In the Result viewer you can use space, enter, right-arrow, n, j as a next button, because it's natural. Sorry about it, I try to find the balance between rules and the acceptable comfort.
And I use the program every day so I will implement the most fine solutions.
- :back N where N can be 1, 2, 3, 4, 5, 6 or empty. short form: b the 'b' works from result viewer too, in tty console.

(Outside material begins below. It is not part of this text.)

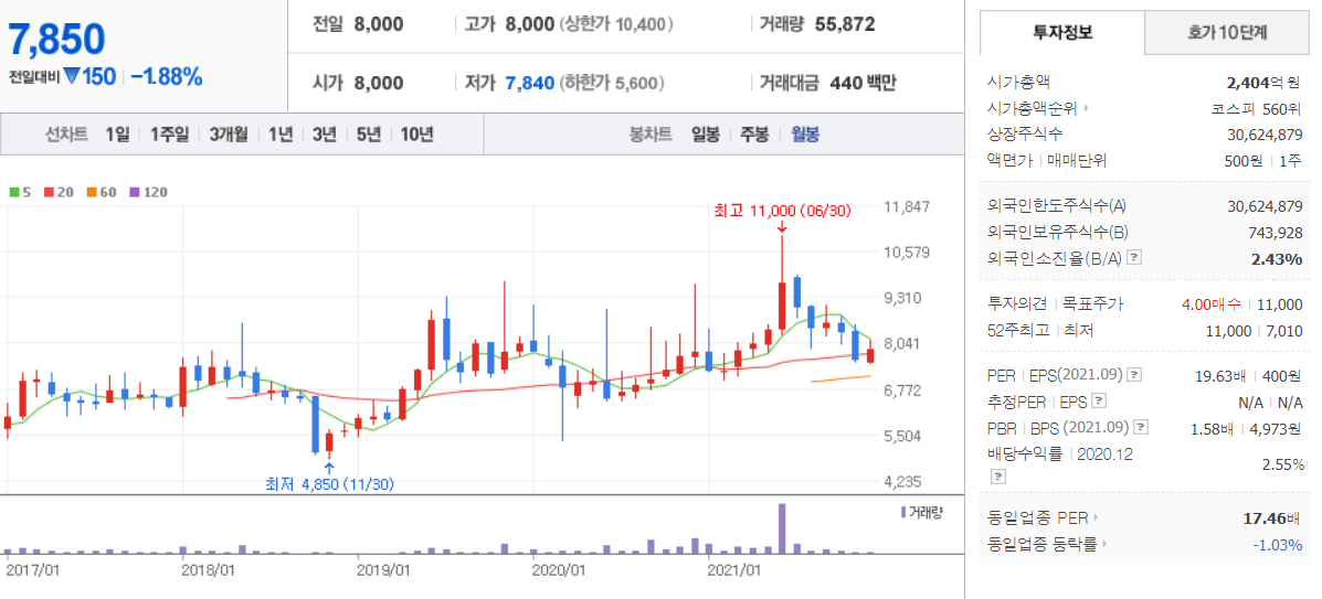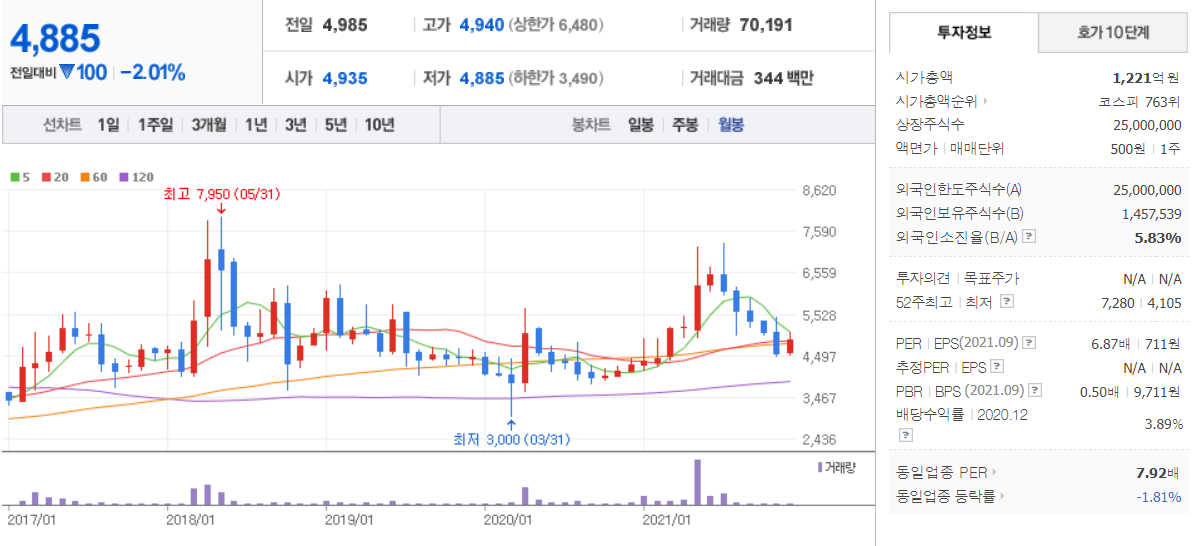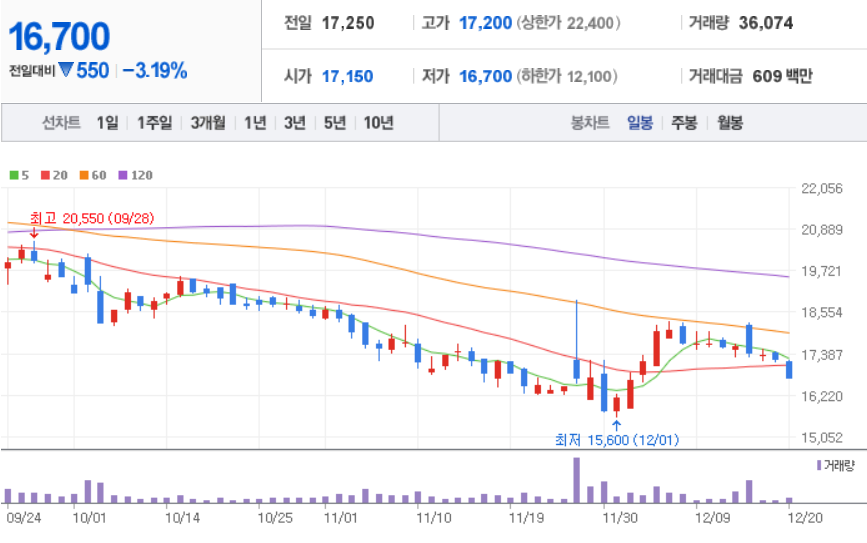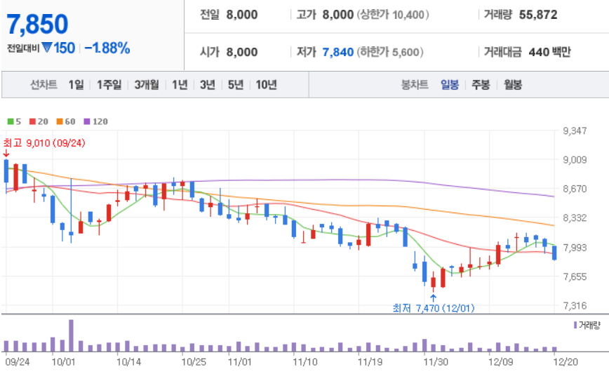 동아지질 ( 028100 : 코스피 ) - 12월 20일 장 중 기준

You can use it only in Linux virtual consoles (not from any GUI!) This is a special command but really USEFUL if you use sentence-seeker.py from virtual-console mode where you can change between consoles with Alt+F1, ALT+F2, you can use and editor in one terminal (I use vim in console 1) and sentence-seeker.py in another virtual terminal. when you type :back, the program switch back into the given terminal without any magic with ALT+Fn
The program uses a Working directory, based on user_home/.sentence-seeker.config
-
DirWorking/documents:
- original document
- indexed text info to boost up analysing
-
when the program find a document first time, it extract text info to boost up the seeking in the text
-
if the indexed text is available, the program uses it
- please install Python 3.8 or newer
- apt install python3-tk
- apt install python3-pip
Please install Python for Windows, the installer contains Tkinter automatically. https://www.python.org/downloads/windows/
-
youtube records:
- 2020 dec 11: https://youtu.be/cYZlCB7Hdew
-
start consol/gui mode
-
the program arrives with pre-packed text files, they are in .sentence-seeker/documents directory in your home dir after the first execution.
-
the program creates index at first execution, it takes about 2 minutes. if you simply copy a txt/html/pdf file into the doc dir, at next start the program indexes it at start automatically.
-
simple query: AND: order is not important, THEN: order is important
- cat AND dog
- cat AND dog > day..
- cat > dog == cat THEN dog
- (apple OR orange) AND eat
- (apple OR orange) AND (eat OR drink)
-
operators: AND, OR, THEN, >, (,)
-
class usage:
- pronouns:personal AND have:all AND iverb:pp example result: 'They've written'
- be:all > ..ywhere
- (be:all) > ..ible
- move.. > (from OR to) > ..where
- (sack OR bag) > of
- (take OR took) off
- questionwords:all AND count:all
- look.. back
- have:all yet
- touch hair head
- fell argument
- master: tested/offered for end users
- dev: it work generally, sometime tests are failed/missing/under repair, smaller issues can appear.
- sandbox: I try out ideas, refactors here - maybe works, maybe not.
Merge order: sandbox -> dev -> master
If you load the Encyclopaedia Britannica (~120 volume) and all other samples into your document dir, then the program uses about 1 Gigabyte memory.